Key Takeaway: Use the concept of asset specificity to align incentives to your advantage across the value chain by first sketching out the existing value chain and then finding areas where incentives might be misaligned. From here, joint investments (e.g., sensors on windmills or P&G’s inventory control system) can facilitate alignment.

Google’s Incentive Alignment and the Android Operating System

In the late 2000s, cellphone carriers were concerned that the proliferation of Android-based phones combined with iPhone and iOS-dominated devices would commoditize the carriers and that Google’s Android proliferation strategy would hasten this development. However, Google used the “carrot” (i.e., incentive alignment) to its advantage. Google allowed each carrier to add its own software and applications on top of the Android operating system in order to enable differentiation – and gave 30 percent of the Android app revenue back to the carriers.2

Google’s objective was to create as much competition between the carriers and manufacturers as possible, thereby pushing adoption and distribution. The carriers and manufacturers recognized that none of them could beat Apple individually; however, together, they could collectively gain by taking back strategic control from Apple. The lesson in all of this is that Google used the concept of incentive alignment flawlessly to get everyone on board with the then fledgling Android OS – the only way anyone had a chance to fight back against the Apple machine. Later, we will discuss how this notion of strategic control (the “Stick”) and vertical incentive alignment (the “Carrot”) can be effectively combined to generate better overall firm financial performance and success in the markets of today and the decades to come.

This same set of incentives brings up a myriad of issues. Imagine the complex web of incentive minefields that this presents. For example, when you are looking at a collection of online sites or stores, what deal is going to pop up first? Is it the one mostly closely aligned with your interests or with the retailer’s interests? Can a store “buy your eyes” and influence what pops up on your screen – much as sponsored search advertising does on the internet version of Google? Who gets the revenue? Stay tuned; all of this is being played out even as you read this.

Channel Conflict, Moral Hazard, and Principal Agent Problems

Groupon, Living Social, Square, BMW, Apple, Google, and Amazon – they all face similar issues with the most crucial part of their business: information. The use of information – and the way information can alter modern-day incentives – is perhaps the driving force behind successful companies today, whatever the industry. For example, BMW created a video version of a hypothetical future entitled “Breakdown.” A businessman is in a rental car on his way to the airport listening to a voiceover in the car – much like a navigation system or Apple’s Siri. The voiceover is reading his email back to him when an interruption overrides the reading with an urgent message: “WARNING, BREAKDOWN IMMINENT”; the voice then proceeds to direct him, turn-by-turn, to the nearest service station where a service attendant is waiting for him in clean white overalls – iPad in hand. The attendant informs the businessman that he was expecting his arrival and that his plane reservation and afternoon meetings were moved to accommodate his detour. The man responds by saying, “All I need is a taxi.” A yellow taxi then instantly arrives. The spot ends with the businessman saying, “All I need now is a million dollars ...” and, of course, nothing happens – much to his disappointment.

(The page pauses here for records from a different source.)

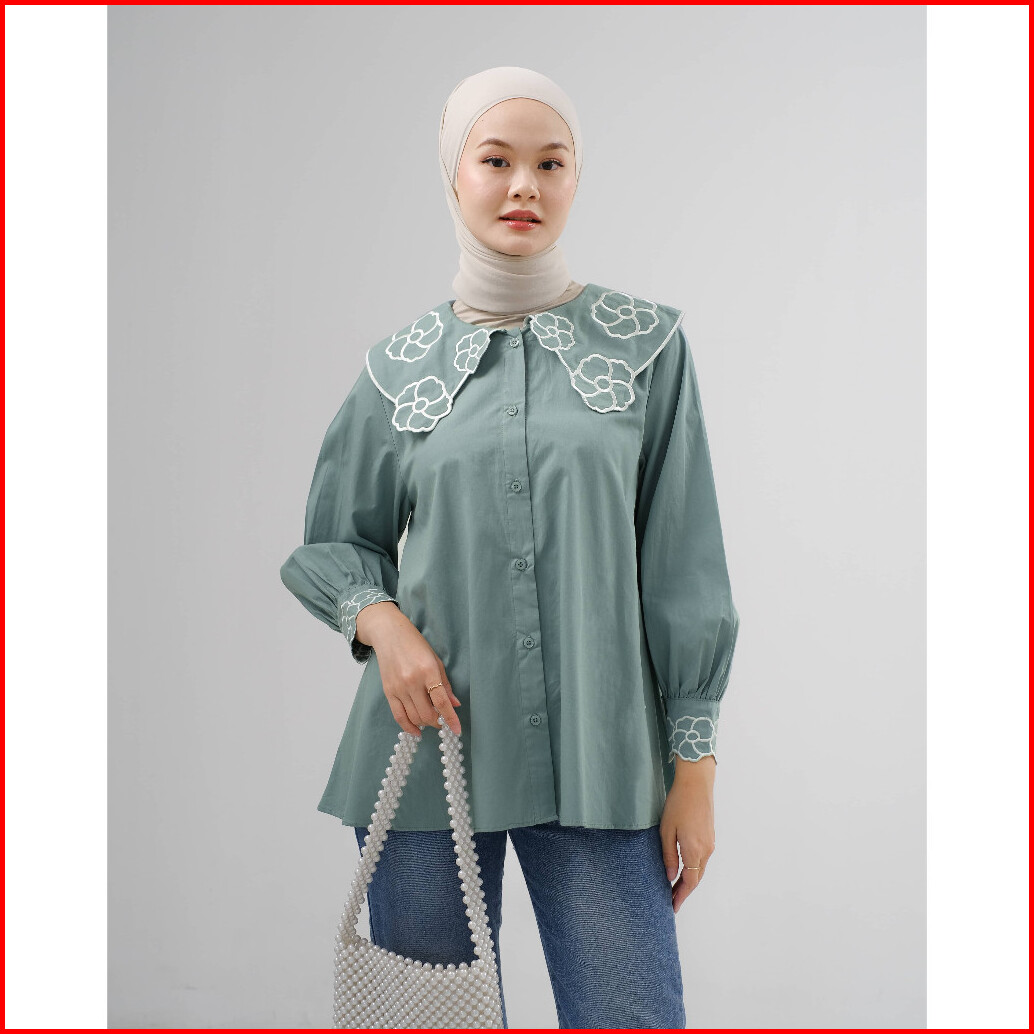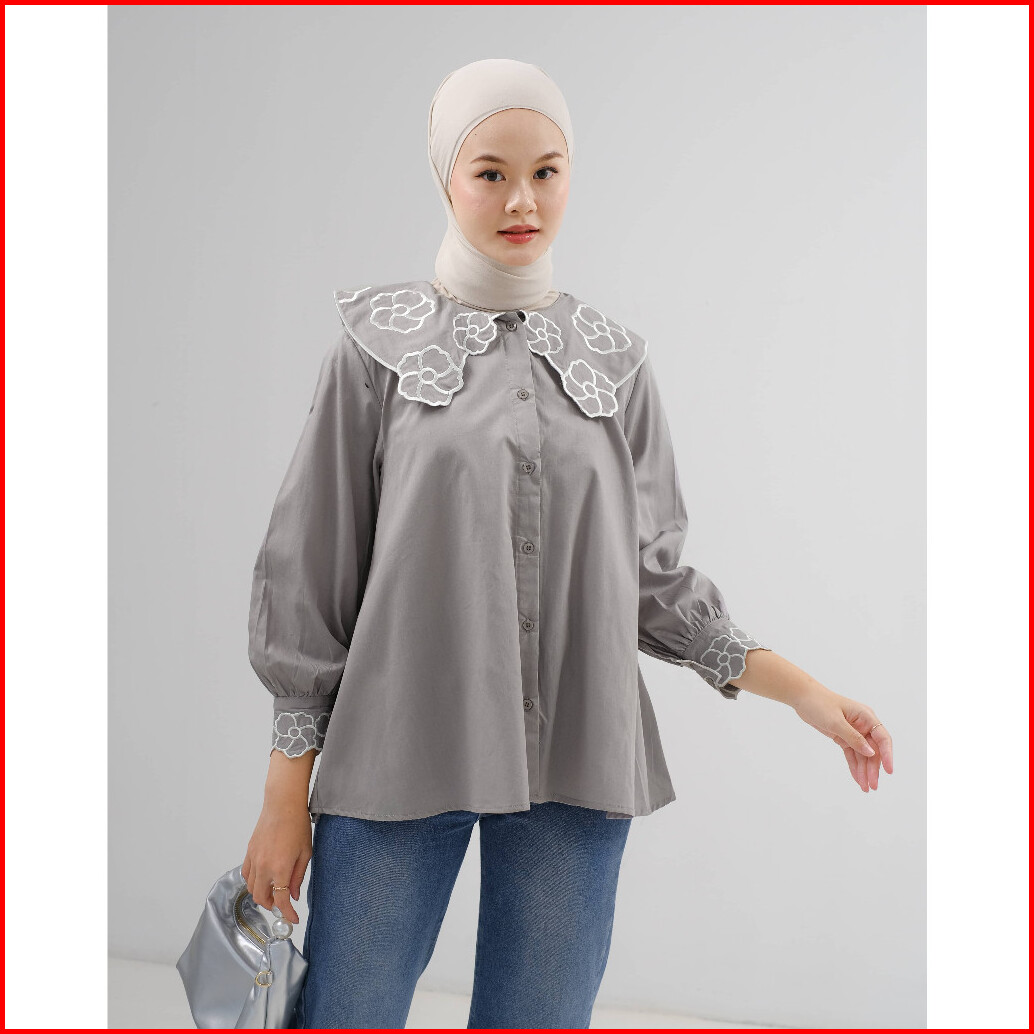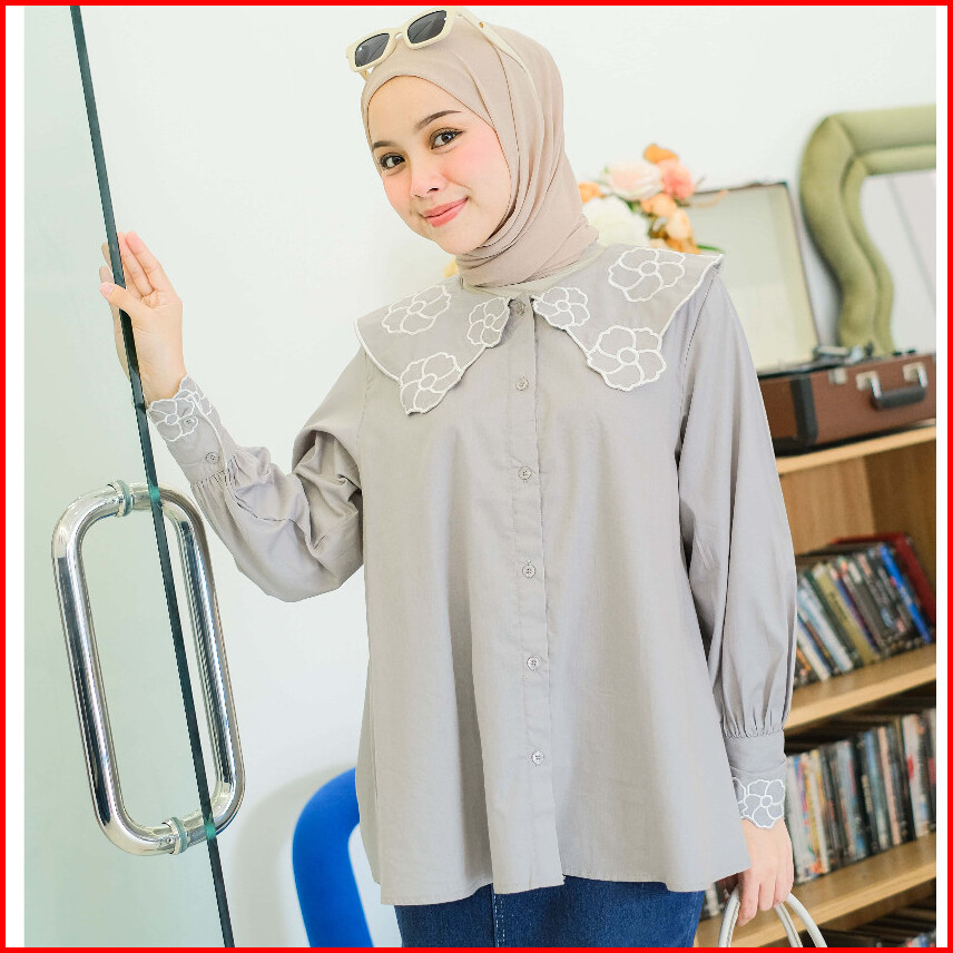 Mayoutfit Cecya Shirt Kemeja Basic Wanita Kerah Bordir Floral Bunga
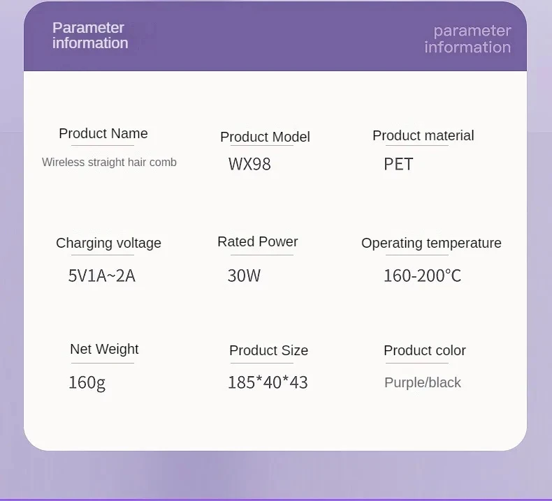5. 3-level adjustment, intelligent temperature control, 160℃, suitable for fine and soft hair; 180℃, suitable for ordinary hair; 200℃, suitable for thick and hard hair
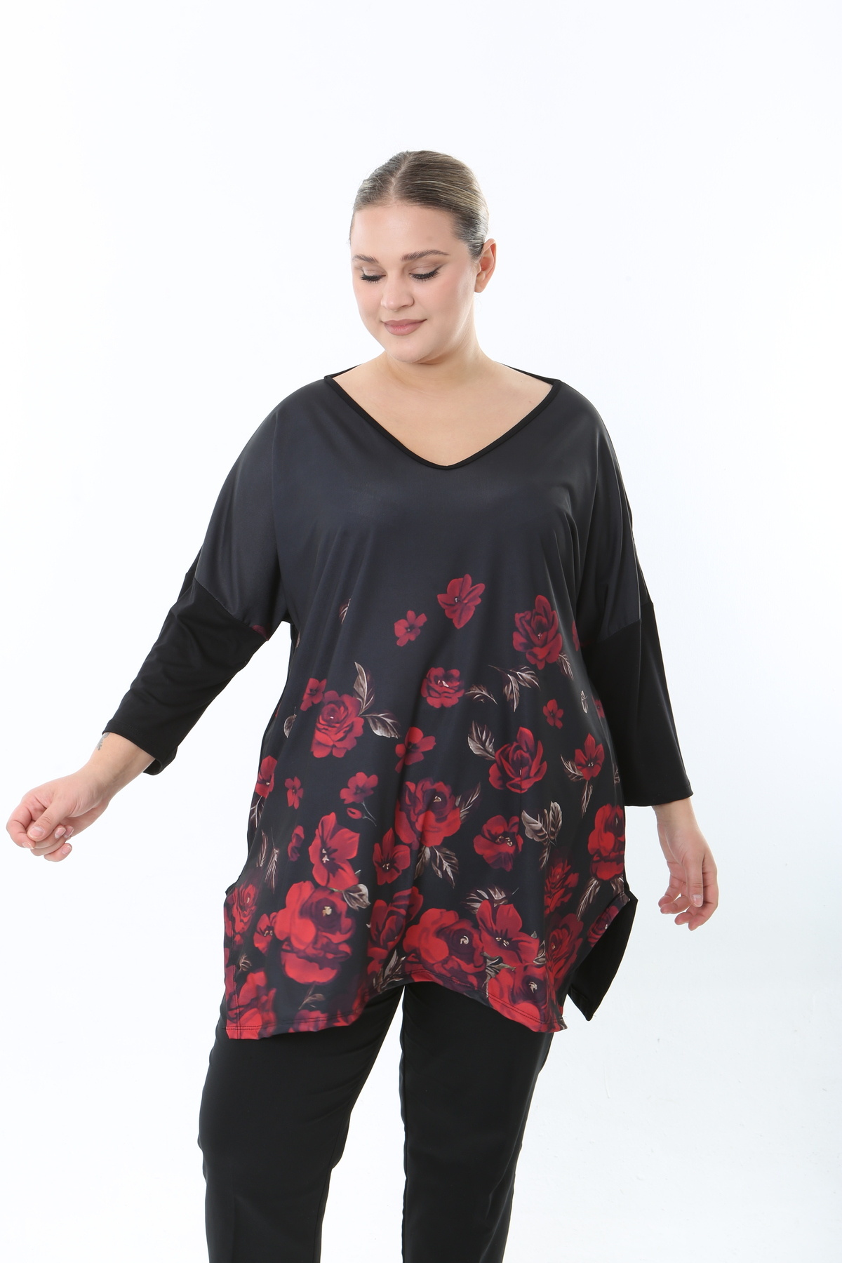 likralı viskon dijital baskılı fakir kol büyük beden tunik likralı viskon dijital baskılı fakir kol büyük beden tunik H10569 58-60
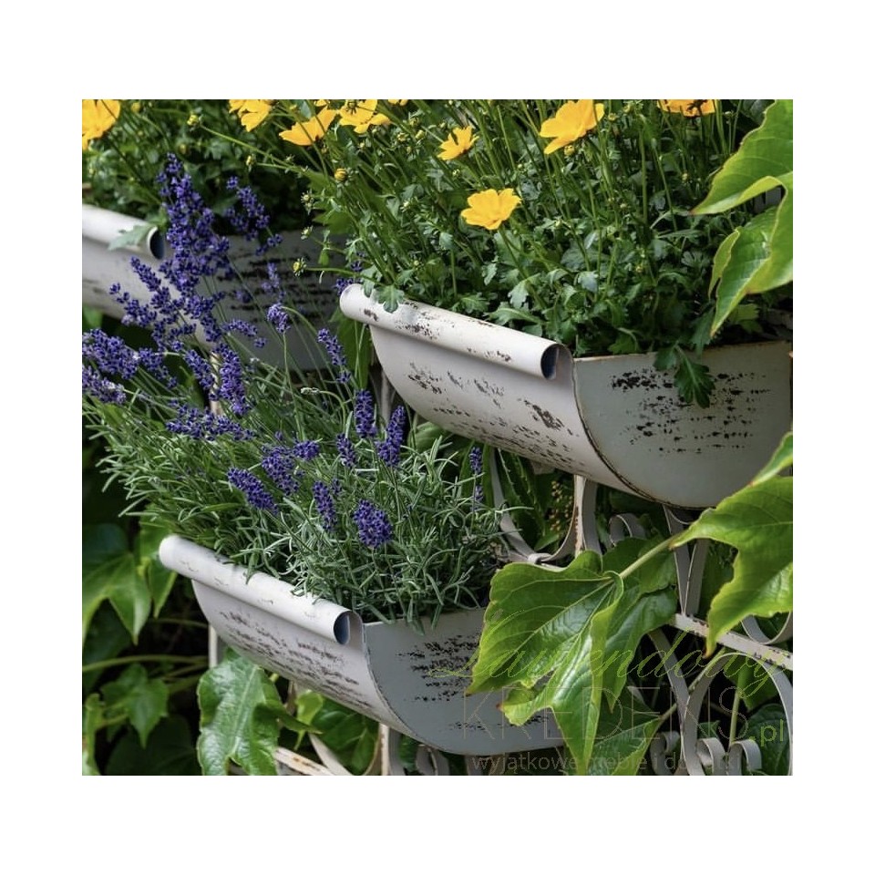 Garden Kwietnik Ścienny to metalowy kwietnik Belldeco, którego powierzchnia jest celowo postarzana poprzez przetarcia i odpryski farby oraz imitację rdzawych nalotów. Kwietnik świetnie sprawdzi się zarówno na zewnętrzej ścianie domu jak i we wnętrzu.
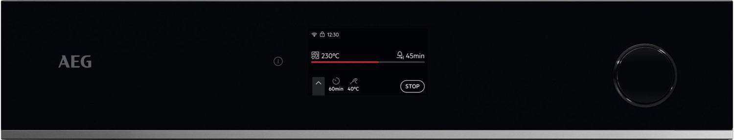 AEG Connected SteamCrisp Quarter Steam & Pyrolytic Single Oven - Gloss Black With Infinity Steel Strip

This isn’t just a Madison Avenue advertising fantasy; in many ways, the video mirrors what is already present in diverse industries. Performance-based logistics (PBL) in many manufacturing industries, “power by the hour” leasing agreements, and the embedded use of information in aviation markets are examples of how this fantasy is now a reality. To illustrate how information can play a pivotal role in the inter-firm incentive structure, let’s examine the use of advanced technology sensors aboard modern aircraft (e.g., Boeing’s 787, 747–8, or 737-NG, or Airbus’s A380). In the newer aircraft, onboard sensors determine when a part has failed and, in many cases, when it is about to fail. Embedded onboard communications notify ground crews before a plane touches down. Maintenance and repair facilities can be notified in advance so that the crews are waiting at the gate to replace the malfunctioning part. The result is more efficient maintenance operations and higher aircraft utilization rates (a key to operator profitability) as aircraft downtime is reduced – potentially significantly. Thus, there is a material and often significant competitive advantage in the market for maintenance, repair, and overhaul (MRO) organizations and airplane manufacturers that are better able to introduce, coordinate, and manage information flows in this regard.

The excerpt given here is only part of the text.